Edin Ferizović

Personal information
- Full name: Edin Ferizović
- Date of birth: 12 October 1977 (age 48)
- Place of birth: Novi Pazar, SR Serbia, SFR Yugoslavia
- Height: 1.82 m (5 ft 11+1⁄2 in)
- Position: Defender

Team information
- Current team: Jošanica

Senior career*
- Years: Team / Apps / (Gls)
- 2001–2002: Novi Pazar / 11 / (1)
- 2003: Belasica
- 2004–2007: Novi Pazar / 87 / (8)
- 2006: → OFK Niš (loan) / 10 / (0)
- 2007–2008: ČSK Čelarevo / 13 / (1)
- 2008: → Novi Pazar (loan) / 12 / (1)
- 2008: Novi Pazar / 15 / (3)
- 2009: Apolonia Fier / 15 / (1)
- 2010: Shkumbini Peqin / 14 / (0)
- 2010: Besa Kavajë / 14 / (0)
- 2011–2013: Novi Pazar / 1 / (0)
- 2012–2013: → Sinđelić Niš (loan) / 33 / (1)
- 2013–2014: Jošanica / 22 / (3)
- 2014: Tutin
- 2015–2018: Jošanica / 38 / (2)
- 2018: Tutin / 0 / (0)
- 2019–: Jošanica

= Edin Ferizović =

Serbian footballer

Edin Ferizović (Един Феризовић; born 12 October 1977) is a Serbian footballer who plays as a defender for Jošanica.

==Club career==
Born in Novi Pazar, Ferizović began his career in his native Serbia playing for FK Novi Pazar in Second League of FR Yugoslavia.
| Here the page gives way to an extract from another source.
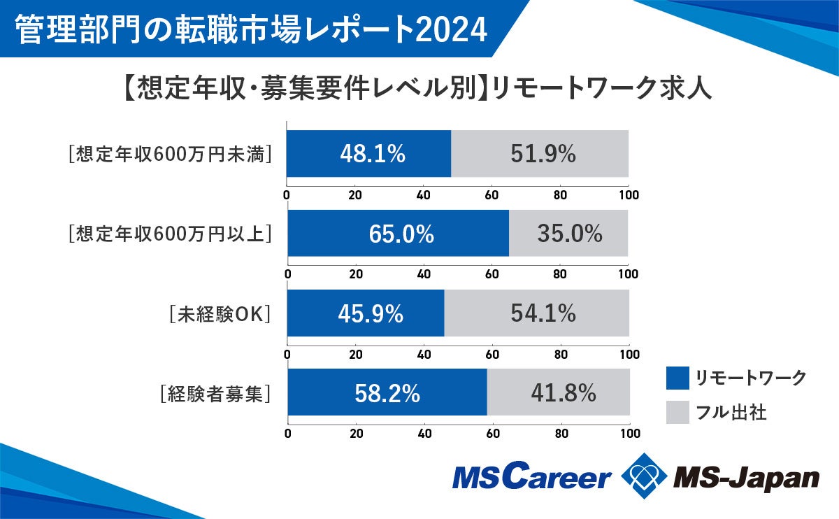 また、募集要件レベル別に見ると、「未経験OK」では45.9%、「経験者募集」では58.2%と、募集要件レベルによってリモートワークの導入率に差があることが分かります。

Season 2002/03 he moved to FK Belasica and played in Macedonian First Football League. In early 2004 he moved back in to FK Novi Pazar and played in Serbian First League. He was half year on loan in OFK Niš. In 2007 he signed for ČSK Čelarevo. After ČSK he moved back again to FK Novi Pazar and played again in Serbian First League. Season 2008/09 he signed for Apolonia Fier and played in Albanian Superliga. He them played for Shkumbini Peqin and Besa Kavajë. In summer 2011 he moved back to FK Novi Pazar plays for first time in Serbian SuperLiga. He made his debut in Serbian SuperLiga playing against FK Sloboda Užice. In early 2012 he was out on loan to FK Sinđelić Niš and played in Serbian First League.